More optimizations, possible fastest solution?
Spoiler:
tl;dr: I think I can do it in 3.83n moves, and I'm not sure it can be done in less.

In order to finish, the player has to observe that a specific light changes when they change a light n rooms away. Since they don't know its initial state, they must observe it before doing that. So the minimum possible time is 2n – walk n rooms, flip the switch, walk back.

So, 2n is a lower bound. Since I solved it in 5n above, 5n is an upper bound. The perfect answer must be somewhere between those.

Since we need to optimize for very large n…

OBSERVATION: wandering around in previously visited rooms gives the player NO information that can be used to rule out larger possible answers. The player has visited some number of rooms R, which are all in a contiguous block. Under the assumption that (R<n), the player knows state of the lights in all of those rooms. Therefore, returning to any of those rooms gives no new information.

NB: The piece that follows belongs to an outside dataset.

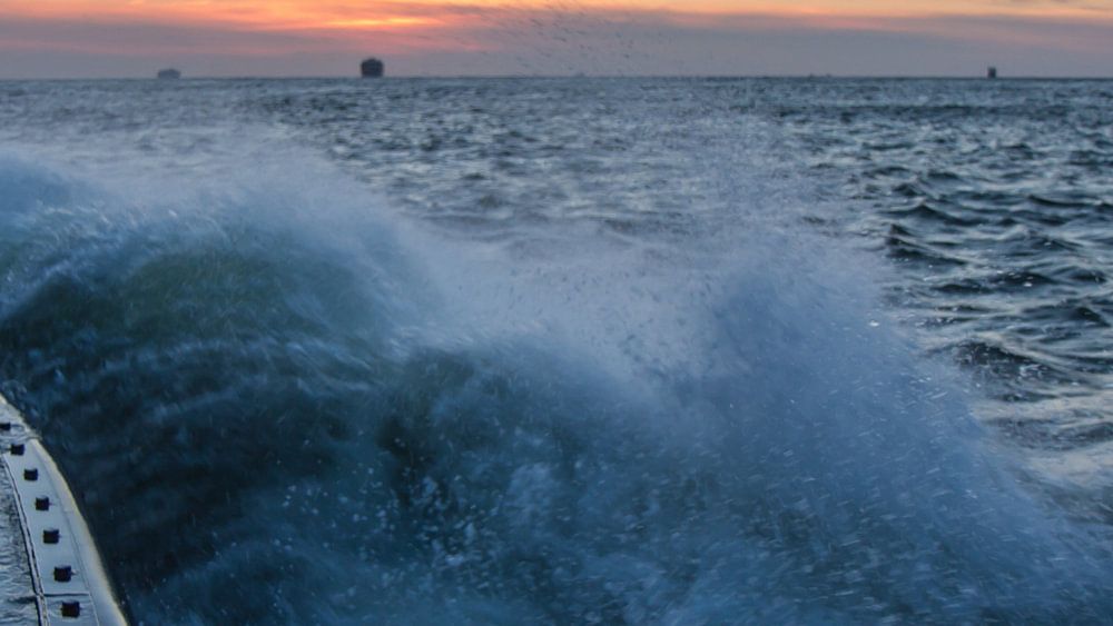 Patrouillevaartuig RPA15 van de Rotterdamse Havenmeester op patrouille in de maasmonding ter hoogte van de Noordzee

This suggests a solution concept: keep walking forward into new rooms, without going back to check anything. At some point, go back n rooms to confirm that there are exactly that many rooms. The only question is how to check promptly after reaching the actual n, without checking too many times erroneously.

SOLUTION:
1. Start walking forwards, leaving a distinctive but non-repeating pattern. (I suggest one room on, 2 rooms off, 3 on, 4 off, 5 on, and so on.) The important thing about this pattern is that, although you might run into fake repetitions of the pattern, they can only fake one specific value of n at a time. For instance, if the pattern was "alternate on and off," and you saw that the lights were already alternating for 100 rooms, you wouldn't know whether the period was 2, or 4, or 6, or any other even number. With a non-repeating pattern, whatever you observe pinpoints exactly one period.
2. For some constant X (let's say 2), keep walking into all there exists an N for which all the following are true:
– your observations are consistent with the conjecture (n=N), and
– you are at least XN rooms away from your starting point.
At this point, switch the light in the current room, and go back N rooms to check whether the conjecture is true. If it isn't, return to where you left off and continue walking forwards instead.

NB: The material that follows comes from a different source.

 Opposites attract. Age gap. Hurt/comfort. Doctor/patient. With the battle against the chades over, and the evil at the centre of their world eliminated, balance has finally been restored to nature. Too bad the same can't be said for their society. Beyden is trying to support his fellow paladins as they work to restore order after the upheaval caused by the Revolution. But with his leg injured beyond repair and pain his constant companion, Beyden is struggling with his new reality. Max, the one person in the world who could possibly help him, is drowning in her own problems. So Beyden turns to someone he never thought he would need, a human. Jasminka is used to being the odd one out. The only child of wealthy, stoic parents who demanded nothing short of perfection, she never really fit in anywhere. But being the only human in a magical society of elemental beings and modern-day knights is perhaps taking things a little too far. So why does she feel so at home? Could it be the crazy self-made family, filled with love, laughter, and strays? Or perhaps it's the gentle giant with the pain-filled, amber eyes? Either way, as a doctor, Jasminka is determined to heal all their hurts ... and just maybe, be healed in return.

Ideally, condition 2 does not trigger until you are and exactly Xn rooms away from the starting point, so the process would take exactly (Xn+n) moves. However, a malicious initial state would try to trigger the condition as much as possible. With the chosen pattern, it can't trigger spuriously very much* after room n. If we erroneously check starting at room n, that has a move cost of 2*(n/X). In general, if the initial conditions cause an erroneous check at room XR, they can't have done so again at any point closer than room R. So the total possible wasted moves is the infinite sequence:

2*(n/X) + 2*(n/X^2) + 2*(n/X^3) + …

whose sum is 2n/(X-1). So the total cost, (ideal time + wastage), is n*(X+2/(X-1)).

The best value for X is (1+sqrt(2)), giving a total cost of (1+2*sqrt(2))n, or approximately 3.8n moves.

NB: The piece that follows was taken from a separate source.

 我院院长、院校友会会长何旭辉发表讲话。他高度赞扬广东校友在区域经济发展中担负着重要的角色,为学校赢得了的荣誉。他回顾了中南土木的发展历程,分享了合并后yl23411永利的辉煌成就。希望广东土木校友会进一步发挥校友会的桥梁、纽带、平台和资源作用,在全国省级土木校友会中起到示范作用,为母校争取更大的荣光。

For a practical algorithm, spurious checks would almost never occur, so it would be efficient to use much lower value for X. The average case performance is essentially just the ideal case, (Xn+n). Choosing X=1.1 would give an average case of 2.1n moves, while still having a reasonable worst-case bound of 21.1n moves.

I keep trying to come up with a more rigorous proof for any of the claims in this post, but I haven't managed it, so there might be a clever trick that I'm missing.

*The pattern would distinguish it, but only after enough of the pattern repeats to tell the difference. Thankfully, "enough" becomes very small compared to n as n becomes very large.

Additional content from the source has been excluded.